Tuesday, September 05, 2006

L’État, c’est moi: environmental edition

Bush Declares Eco-Whistleblower Law Void for EPA Employees

The Bush administration has declared itself immune from whistleblower protections for federal workers under the Clean Water Act, according to legal documents released today by Public Employees for Environmental Responsibility (PEER). As a result of an opinion issued by a unit within the Office of the Attorney General, federal workers will have little protection from official retaliation for reporting water pollution enforcement breakdowns, manipulations of science or cleanup failures.

Citing an "unpublished opinion of the [Attorney General's] Office of Legal Counsel," the Secretary of Labor's Administrative Review Board has ruled federal employees may no longer pursue whistleblower claims under the Clean Water Act. The opinion invoked the ancient doctrine of sovereign immunity which is based on the old English legal maxim that "The King Can Do No Wrong." It is an absolute defense to any legal action unless the "sovereign" consents to be sued.
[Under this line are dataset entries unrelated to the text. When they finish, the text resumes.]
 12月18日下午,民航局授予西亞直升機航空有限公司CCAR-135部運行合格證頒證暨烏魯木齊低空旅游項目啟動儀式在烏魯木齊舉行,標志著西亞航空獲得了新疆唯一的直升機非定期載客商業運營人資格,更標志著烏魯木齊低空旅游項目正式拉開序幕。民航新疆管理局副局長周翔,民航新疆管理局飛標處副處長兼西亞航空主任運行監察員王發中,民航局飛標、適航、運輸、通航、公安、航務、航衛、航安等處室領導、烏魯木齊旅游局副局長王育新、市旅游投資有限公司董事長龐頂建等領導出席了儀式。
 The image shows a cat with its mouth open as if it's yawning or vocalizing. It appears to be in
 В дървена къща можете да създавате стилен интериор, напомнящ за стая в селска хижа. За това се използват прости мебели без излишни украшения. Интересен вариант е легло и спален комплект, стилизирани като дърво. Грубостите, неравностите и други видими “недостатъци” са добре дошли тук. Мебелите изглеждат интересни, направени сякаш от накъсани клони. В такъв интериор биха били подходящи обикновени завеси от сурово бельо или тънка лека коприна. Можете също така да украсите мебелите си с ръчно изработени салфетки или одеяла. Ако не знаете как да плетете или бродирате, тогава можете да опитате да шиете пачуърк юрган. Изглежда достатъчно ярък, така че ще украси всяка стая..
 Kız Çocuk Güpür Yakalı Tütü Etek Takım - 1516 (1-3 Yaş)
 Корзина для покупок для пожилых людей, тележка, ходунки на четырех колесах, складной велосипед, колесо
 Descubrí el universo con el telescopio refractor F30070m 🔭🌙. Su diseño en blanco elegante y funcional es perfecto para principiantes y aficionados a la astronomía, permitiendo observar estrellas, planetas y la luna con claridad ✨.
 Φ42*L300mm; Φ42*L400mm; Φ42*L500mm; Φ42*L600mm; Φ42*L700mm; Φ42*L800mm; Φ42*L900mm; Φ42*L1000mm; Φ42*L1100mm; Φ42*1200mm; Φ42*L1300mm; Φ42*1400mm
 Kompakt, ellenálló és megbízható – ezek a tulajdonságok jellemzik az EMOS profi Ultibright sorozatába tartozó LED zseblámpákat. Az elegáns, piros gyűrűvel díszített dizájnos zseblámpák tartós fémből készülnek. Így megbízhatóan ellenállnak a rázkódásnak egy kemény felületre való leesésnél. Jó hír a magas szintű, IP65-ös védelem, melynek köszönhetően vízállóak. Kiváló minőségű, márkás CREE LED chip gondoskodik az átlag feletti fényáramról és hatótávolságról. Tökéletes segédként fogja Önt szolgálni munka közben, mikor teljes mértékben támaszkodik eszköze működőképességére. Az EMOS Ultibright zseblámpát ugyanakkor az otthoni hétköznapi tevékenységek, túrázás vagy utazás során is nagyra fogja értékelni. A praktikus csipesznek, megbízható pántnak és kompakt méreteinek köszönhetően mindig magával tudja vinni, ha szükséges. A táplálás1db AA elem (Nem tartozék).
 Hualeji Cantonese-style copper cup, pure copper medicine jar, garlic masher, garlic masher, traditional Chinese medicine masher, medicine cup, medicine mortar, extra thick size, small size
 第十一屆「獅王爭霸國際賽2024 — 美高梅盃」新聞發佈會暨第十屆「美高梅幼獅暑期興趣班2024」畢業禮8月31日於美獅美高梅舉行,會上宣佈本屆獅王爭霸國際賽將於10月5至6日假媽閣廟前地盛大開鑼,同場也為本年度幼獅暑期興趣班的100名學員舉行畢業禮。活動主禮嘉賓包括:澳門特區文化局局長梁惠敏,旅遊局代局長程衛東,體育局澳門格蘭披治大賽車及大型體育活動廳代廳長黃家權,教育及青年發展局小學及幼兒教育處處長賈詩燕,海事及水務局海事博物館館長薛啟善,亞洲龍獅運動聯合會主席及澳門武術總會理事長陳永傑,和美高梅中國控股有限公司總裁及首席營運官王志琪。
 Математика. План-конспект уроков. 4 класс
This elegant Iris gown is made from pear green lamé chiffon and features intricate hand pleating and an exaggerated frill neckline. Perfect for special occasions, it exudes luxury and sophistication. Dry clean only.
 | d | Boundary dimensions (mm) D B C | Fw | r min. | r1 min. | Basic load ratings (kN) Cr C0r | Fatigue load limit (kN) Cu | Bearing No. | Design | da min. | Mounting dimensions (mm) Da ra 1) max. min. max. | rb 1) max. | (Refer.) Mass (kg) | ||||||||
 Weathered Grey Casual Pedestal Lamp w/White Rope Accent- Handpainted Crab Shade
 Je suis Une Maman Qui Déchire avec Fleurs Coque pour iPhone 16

The opinion and the ruling reverse nearly two decades of precedent. Approximately 170,000 federal employees working within environmental agencies are affected by the loss of whistleblower rights.
This is of a piece with the warrantless NSA spying, the Presidential signing statements, and all the other manifestations of an Executive branch utterly contemptuous of any authority but its own.

I consider myself an environmentalist. I'm not pure in my lifestyle or my consumer choices, but I have made and continue to make efforts to make a difference regarding green issues. But this story encapsulates the reasons why I don't spend a lot of time writing about the need for political action on those specific issues: it just doesn't matter what environmental laws say, because these guys will ignore whatever they don't like. The only way to make meaningful progress on green issues is to drive these cretins out of office.

4 Comments:

Anonymous Anonymous said...

I see that my comment on your previous post applies equally well here.

To sum up: work for any government and you must recite the bureaucrat's catechism each day on the way to work; to wait for any government to change in a significant way (elections change nothing, or hadn't you noticed?)is to be a frog.

To wit (thoughts on labor day)
Clearly, labor is SUPPOSED to consist of people about whom the Catholic church has said "give us a child until he's seven and he's ours for life." That is, people who have never really had a chance because they have been controlled since birth.

The real question is, in view of the idea that intellectuals are not only supposed to be able to think for themselves but to do it spontaneously (daily even), why is no one (apparently) asking the following question: What does the frog tell himself as the water temperature slowly rises?

TA

8:05 PM  
Blogger <-<--esoder<---<----<----- said...

I put this in the other thread...

TA - the frog thinks, "Ooohh - those bubbles feel kind of nice."

Incidentally, I cleaned out the filter of our spa (medical necessity - car accident. OK, 75% therapeutic, 25% fun) recently and pulled the skeletal remains of a small frog from the filter. I can't figure out how it got in there in the first place.

So I pose to you - why does the frog get in to the pot in the first place?

12:24 AM  
Anonymous Anonymous said...

Because someone told him that any frog worth his slime has got a spa in the backyard.

Actually, its not how you live, its what you have to do to live that way (which includes living real close to lots of "security" people so that you can continue to live that way).

TA

4:13 AM  
Anonymous Anonymous said...

Finally, perhaps you are not a frog. If you hear muttering in the morning, look in the mirror and see if your lips are moving. If they are, and you seem to be saying "It'll be ok. I just have to get through today/this week/this year," could be you are saying the workers' catechism without knowing it.